A study38 showed the relationship between BMI and antibody titers to HSP60, 65, and 70 is significant. Kargari et al. found a significant relationship between BMI and HTN with serum anti-HSP27 antibody titer. Also, Azarpazhooh et al. concluded that serum anti-HSP27 antibody titer was significantly higher in hypertensive patients compared with non-hypertensive patients (p < 0.001). But, our results showed that BMI and HTN were not associated with serum anti-HSP27 antibody titer. In both studies Kargari et al. and Azarpazhooh et al., no significant difference was observed between smoking status and serum anti-HSP27 antibody titer and was consistent to our conclusion.

Also, we explored the educational level of individuals that was not related to serum anti-HSP27 antibody titer and our result was different from the study of Victora et al.39.
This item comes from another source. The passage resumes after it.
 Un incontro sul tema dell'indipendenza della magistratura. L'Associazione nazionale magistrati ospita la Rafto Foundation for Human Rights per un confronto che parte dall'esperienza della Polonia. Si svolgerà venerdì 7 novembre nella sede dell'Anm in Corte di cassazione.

In addition to the items mentioned so far, obesity, height, LDL, TG, Chol, WHR, and Hs-CRP were positively associated with serum anti-HSP27 antibody titer in Kargari et al. study. In another study that was conducted by Sadabadi et al., PAL and HC were not significant, and the serum HSP27 antibody titers were different (p-value = 0.05) between the subjects with high WC, HDL, TG, BPS, and BPD compared to participants with low WC, HDL, BPS, BPD, and glucose5. In our study, PAL was related and consistent with the study of Sadabadi et al.

In addition to all of the above, our finding revealed that there was a relationship between other variables such as MAUC and PLT with serum anti-HSP27 antibody titer. These variables were not studied in previous studies.
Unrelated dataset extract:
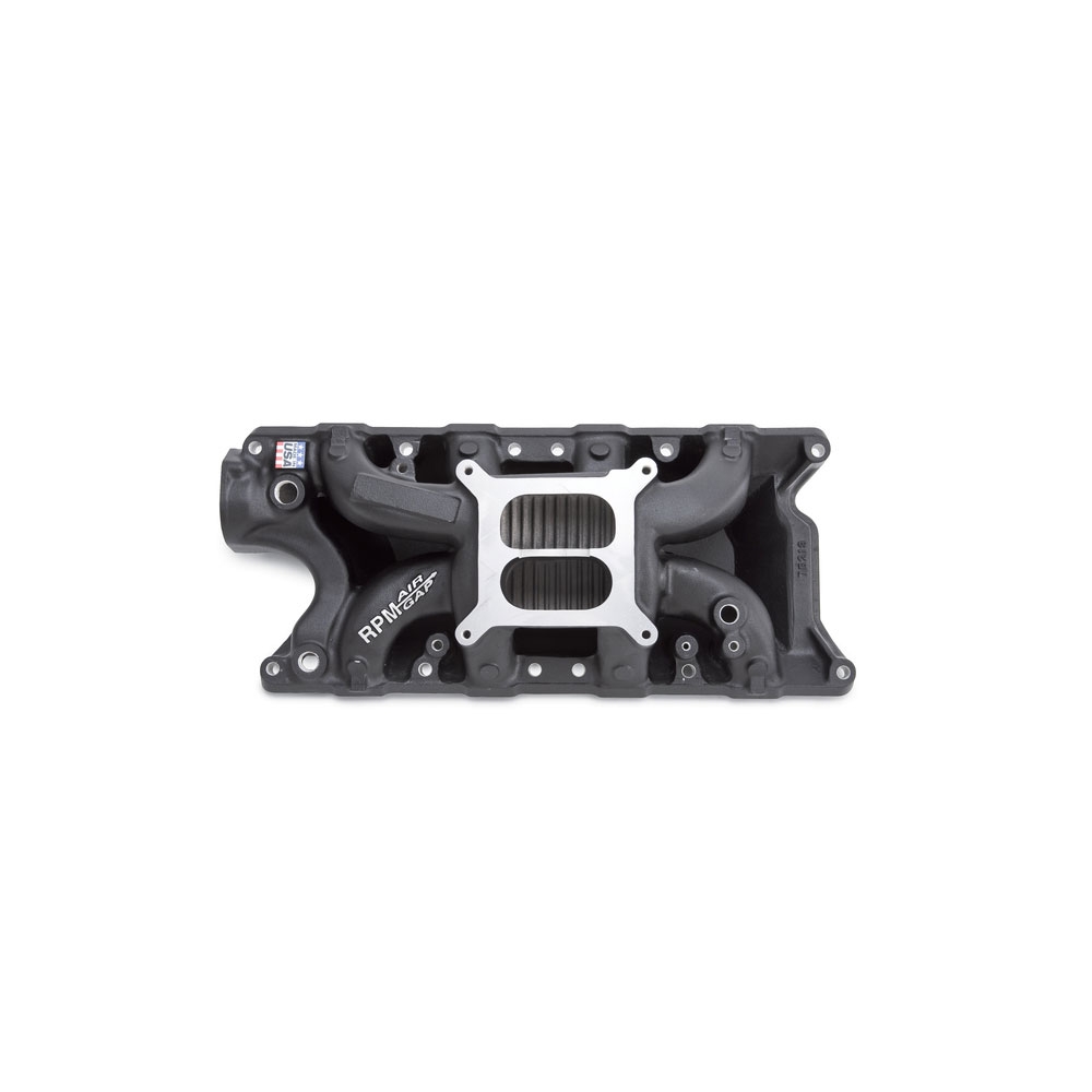 RPM Air-Gap intake manifold is designed for street 289 302-347 c.i.d. Ford V8 applications. The Air-Gap trade; design features an open air space that separates the runners from the hot engine oil resulting in a cooler, denser charge for more power. Includes nitrous bosses. No provision for exhaust heated chokes and no exhaust crossover. Edelbrock carbs will work with Ford automatic overdrive trans (AOD) when used with Lokar bracket SRK-4000. INSTALLATION NOTES: bull; Will not fit 255 c.i.d. V8 bull; Recommended intake gasket: Edelbrock # 7220 bull; Manifold Height: A-4.30", B-5.50" bull; Carb pad height: 4.90" bull; Carb recommendations: Edelbrock AVS2 or Performer Series 600-800 cfm. For automatic transmissions use # 1483 and # 1490 or # 1844. bull; Port exit dimensions: 1.04" x 1.85" bull; Use RTV sealant to properly seal end seals, such as Edelbrock High Temp Silicone sealant #1076, DO NOT USE END SEALS GASKETS. bull; Hardened washers Must be used with intake bolts to ensure proper torque and prevent galling of the aluminum.

In summary, there are differences in the results of this study with other studies mentioned. The previous studies have been conducted using common statistical methods that require special assumptions or case–control studies but in the present study, a non-parametric method that does not require special assumptions has been used as well as it can predict and model the linear and nonlinear relationships between input and output patterns, well. These differences could be due to the cross-sectional study design and sample size in case and control groups20. Another reason that can cause these discrepancies is the sample size, which can be influential in the bivariate analysis stage for feature selection in our selection and other studies. Also, the presence of other influential factors or conditions of the subjects, the special patients under study that have been considered in previous studies can be effective. The limitation of this study was the exclusion of important variables such as drug use and vitamin D due to missing values exceeding 70 percent.

Conclusion

The LightGBM method was effective in elucidating the relationship between PAB and PAL and serum anti-HSP27 antibody titers with a direct and indirect effect on the prediction of serum anti-HSP27 antibody titers, respectively. The PDW, MUAC, SBP, age, RDW, WHR, NL, PLT, glucose, cholesterol, and RBC were also associated with anti-HSP27 antibody titers. In addition, we aim to investigate this topic as a longitudinal study in the future.